Information Study for the Benefit of Humanity:
Learning from the Past and Building the New Normal
Marcin J. Schroeder
The 2021 IS4SI Summit is coming in the shadow of the global crisis of new coronavirus pandemic. Dozens of millions of people have been already infected, some of them suffered but managed to recover but more than a million perished. Millions lost their sources of income, jobs, businesses. The word “crisis” comes from the Greek discernment, judgement, which describes well our present experience. There are now many examples of an authentic heroism manifested by people who risk their health or lives bringing the medical care to those infected with the virus and there are many examples of unscrupulous exploitation of human suffering for political or economic gains.
Recently, there is hope that new vaccines will soon bring the spread of the virus under control and that life will return to normal. In this desire to return to normal and putting the dramatic experience behind us there is a hidden danger of forgetting about what we can learn from it. Hegel in the Introduction to his Philosophy of History pessimistically claimed “What experience and history teach is this – that people and governments never learned anything from history, or acted on principles deduced from it.” Now, almost two centuries later this assessment of the short span of memory among politicians and in the general public is equally accurate, but this should not be an excuse for the academic community to forget and not to learn from our experience. Going back to the “old normal” would have been a defeat of the reason and betrayal of those who suffered and those who sacrificed themselves in the fight with disease.
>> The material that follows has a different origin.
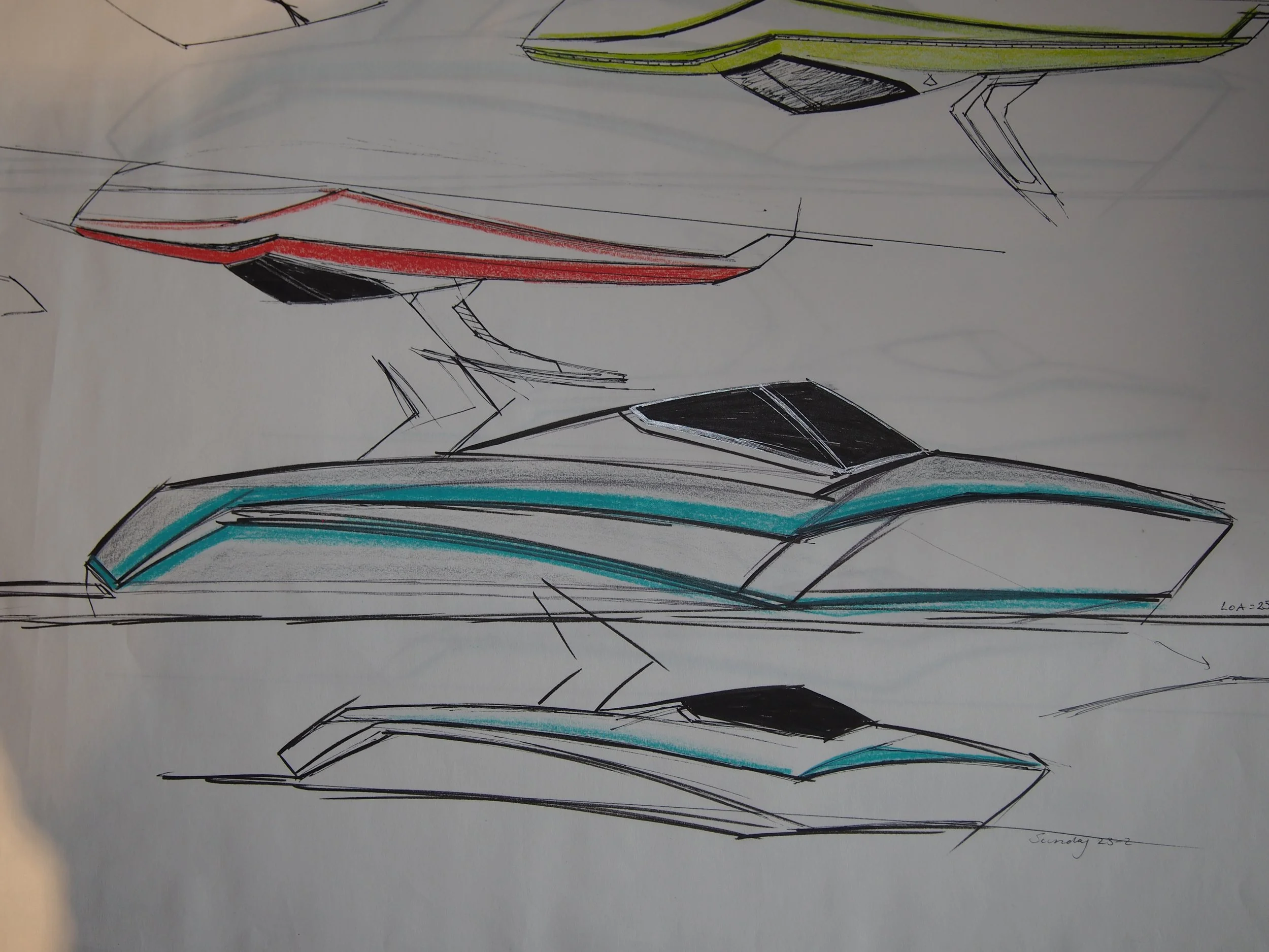 2021 WIP. Wake boat concept pulling some ideas from previous boats but had to have a pickle bow. 32’ LOA, 35’ including the swim platform and a 12’ beam. Twin transverse electric drives coupled to a single pod drive and sub floor batteries would allow a large aft lounge and enclosed head. Finishing out the interior design is next.

It is important not only not to forget and to learn, but what to learn. If the lesson we were given was only about the lack of responsibility of political and economic leaders, their lack of imagination, about the deficiency of their morals, or about frequently irrational reactions of the general public, then the pain brought by the pandemic would have been in vain. We have multiple examples of those in the past centuries or even millennia. Only someone really naïve can expect that next time will be different. Searching someone to blame for errors cannot replace searching for sources of errors. We can see that a lot of damage and suffering was a result of ignorance fueled by anti-scientific and anti-intellectual attitudes frequent both among political and economic leaders and within broad masses of human population. It would be counterproductive to be satisfied with this diagnosis, in particular in the latter case. Are we, members of the academic community without blame? It is our responsibility to promote knowledge and understanding of the world through education. Can we be satisfied with what we offer our societies? Do we have a comprehensive, consistent scientific, or more generally intellectual view of reality which we could all understand and share among ourselves and which we can present to the global society?
It does not mean that we have to seek consensus regarding the answers to specific research questions. Progress in science and philosophy always depended on competing ideas, but the productive competition requires common foundations, common rules and mutual understanding.
So, we can disagree about answers, but we have to understand each other’s questions. It is very important that we can present this common foundation to general public, which does not have any reason to trust in our advice when confronted with the lack of agreement and mutual understanding among scientists and intellectuals in stark contrast to the extreme self-confidence of those who unite in the fight for political and economic power.
There is a desperate need for building the common foundation for science, philosophy, humanities, for the construction of a comprehensive view of reality integrating the results of diverse methods of inquiry to restore the position of knowledge and reason as guides for global society. IS4SI has special role to play in this task. The concept of information, as probably no other concept in modern thought, is not only present and fundamental in virtually all academic and technological disciplines, but it is familiar (admittedly without very deep understanding) to the majority of human population. Its universality qualifies it as the best tool to build authentic transdisciplinary vision of reality and at the same time its familiarity for the general public makes it good tool for the propagation of this vision. The 2021 Summit will consist of several component conferences grouping experts in specific forms of inquiry of information, but it will include plenary activities bringing together all participants. These conferences will be an opportunity to present to fellow researchers the most recent developments within their foci of expertise and the plenary events of the Summit will have the role of a forum for the exchange of views coming from multiple perspectives for seeking mutual understanding and cooperation.